ISLAMABAD, Dec 23: The government has decided to convert Rs80 billion debt of Karachi Electric Supply Corporation into the federal government equity.

This is part of financial restructuring of KESC “that is to be done mainly by carrying out a debt for equity swap of Rs70-80 billion” and would allow the federal government to own 99 per cent of KESC shares.

The federal cabinet would give its formal approval later this week, a senior official of the privatization ministry told Dawn. The summary on the subject has already been approved by the board of the Privatization Commission, the official said.

Once the government becomes 99 per cent owner of the KESC, it will offer 74 per cent shares for privatization. And when this process is completed and the KESC is turned around, the government would sell its remaining 25 per cent stake through a public offering.

According to the summary, this equity swap would be followed by a petition to the Sindh High Court to write down capital by about Rs50 billion to eliminate the negative equity of KESC. This would enable the utility to issue dividends once it becomes profitable.

As much as Rs40 billion worth of debt guaranteed by the federal government would be converted into the government bonds immediately. The further swap of remaining debt would be completed at the time of privatization. In the meantime, budgetary allocation would be made in the next year’s budget (2002-03) to support this swap.

A transitional regulatory framework for KESC would also be approved that involved “inter alia, multi-year formalae for tariffs, cost pass through rules for certain items and progressive reduction in cross-subsidies” to address bona fide investor concerns on risk.

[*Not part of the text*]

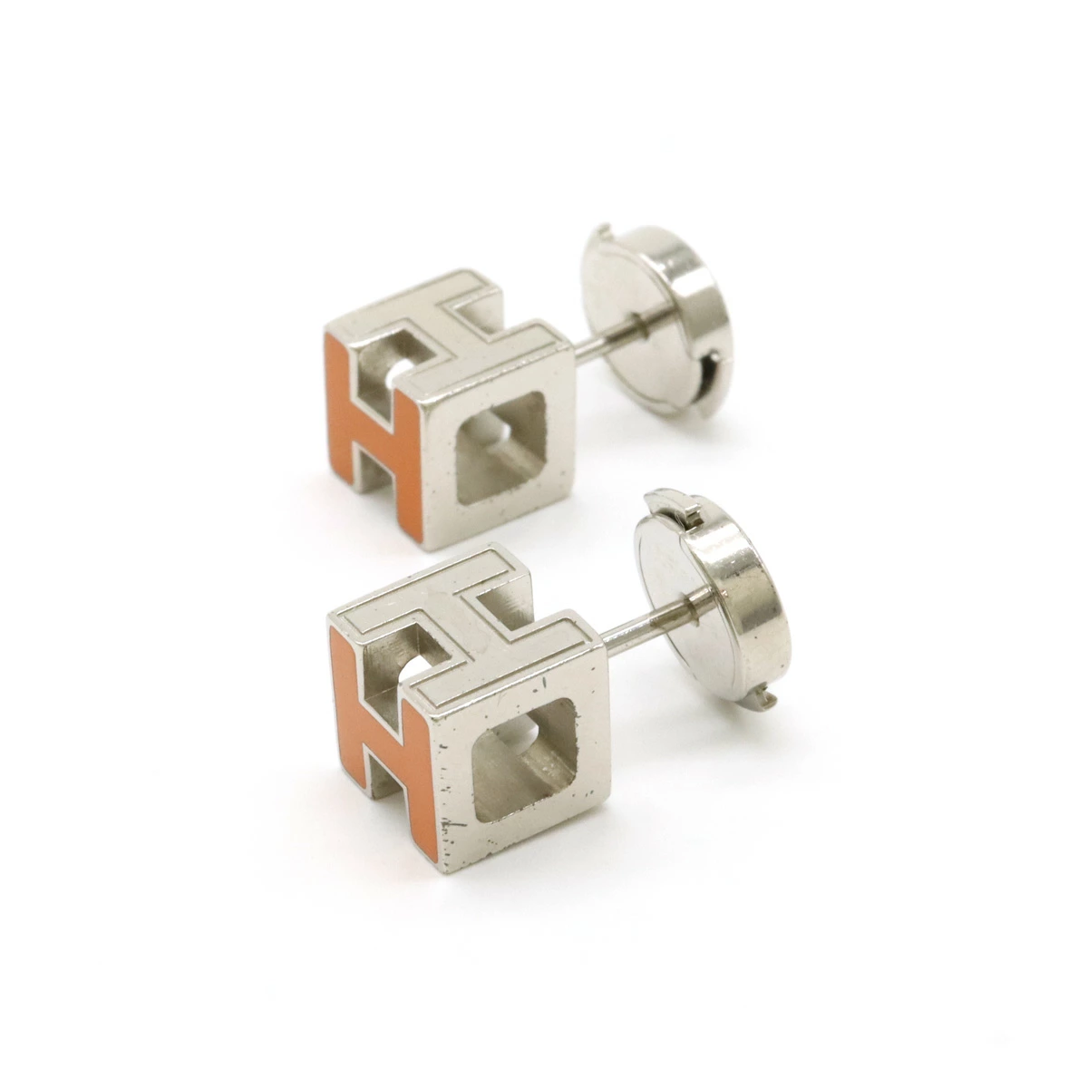 Pre-owned HERMES Carage d'Ache H Cube H Logo Earrings in Orange with Silver Hardware

“This framework would be congruent with the National Electric Power Regulatory Authority (Nepra) policies and would be subjected to regulation by Nepra going forward. Moreover, it could serve as a template for future privatization,” said the summary.

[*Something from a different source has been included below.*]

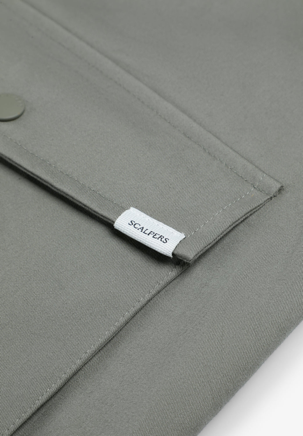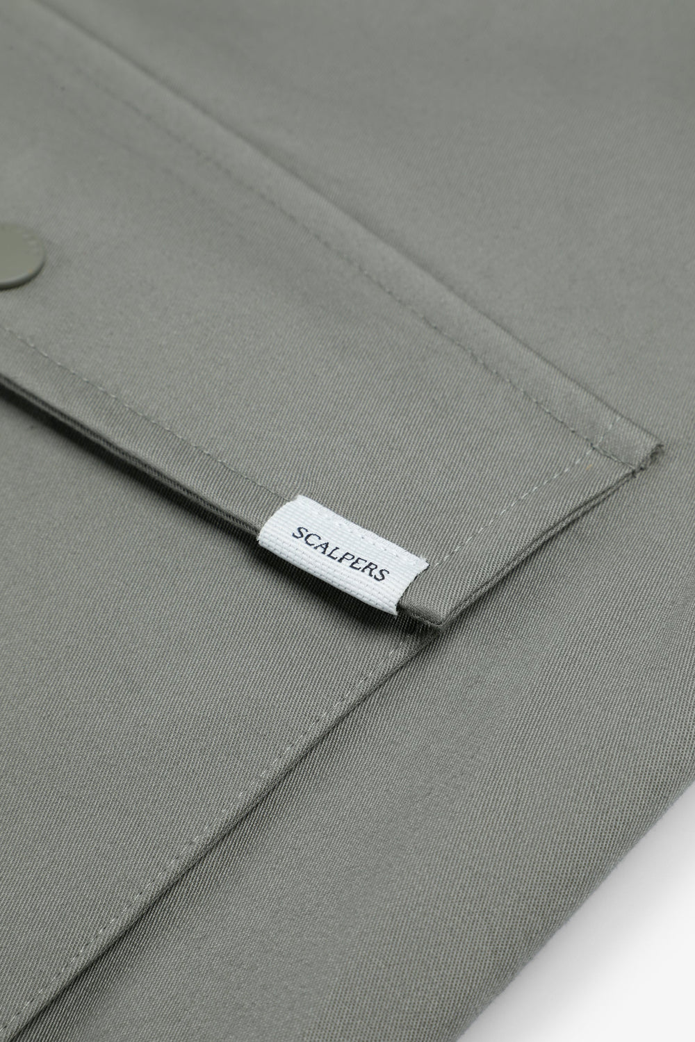 Waterproof technical jacket made of 100% cotton. Adjustable drawstring hood with leather detail. Raglan sleeves. Velcro cuff adjusters. Front fastening with double slider thermo-sealed zip and customised snaps. Two front-flap double-entry pockets (top and side access) with snap fasteners. Logo label detail on the front pocket.

The Monopolies and Restrictive Trade Practices (Control and Prevention) Ordinance would also be amended to ensure that KESC that will remain a monopoly regulated by Nepra, is not confronting the law.

The plan calls for the government assurances in areas like “resolution of disputed accounts with the federal and state governments and commitment to timely settlement going forward”. This would include the assurance for the ability of the new buyer to disconnect those who fail to pay their bills and “for the GOP guarantees on the payment of bills by institutions where safety or security concerns may preclude disconnection”.

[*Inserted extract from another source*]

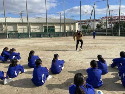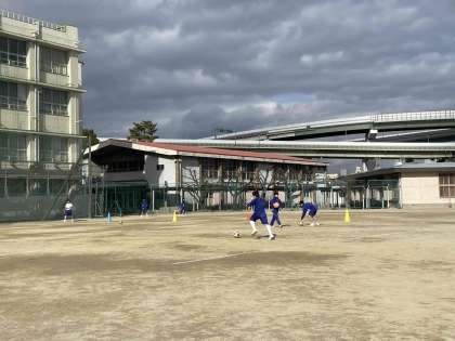 ボールを足で扱う練習を行い、ゲームを目標に取り組んでいます。

A guarantee would also be provided for smooth and managed transition from the army-led management to the new management over a period of around three years during which the police and the armed forces personnel would remain attached with the utility.

The summary said that these measures were necessary because the quality of service and tariff levels were constraining economic growth in Karachi and causing hardships to households and business.

“The KESC finances are rapidly deteriorating, with monthly losses averaging about Rs1.2 billion. These are projected to double in five to six years. The KESC had a negative equity of Rs37 billion in June 2001, which is projected to increase to Rs52 billion by June 2002. Its debt over this period is projected to grow from Rs79 billion to Rs92 billion. Virtually all the debt is provided or guaranteed by the GOP and there is little prospect of repayment,” said the summary presenting a gloomy picture of the power utility.

The summary spoke of tremendous under-investment in operations particularly generation and distribution. Partly, as a result, energy losses are very high. “Officially, these (losses) stand at 36.7 per cent but are possibly higher. KESC also suffers from a number of organizational and human resource problems that will make any turnaround uncertain and gradual,” said the summary.

The summary said if the regional uncertainties were sufficiently reduced, marketing efforts would begin in February 2002 and a short-list of qualified investors could be available for bidding by June, selection of bidder by July, finalizing negotiations and documentation in August and transaction close by September 2002.

The summary said that the transaction would be structured in a fashion that new investor would guarantee to fund required investment for the first few years.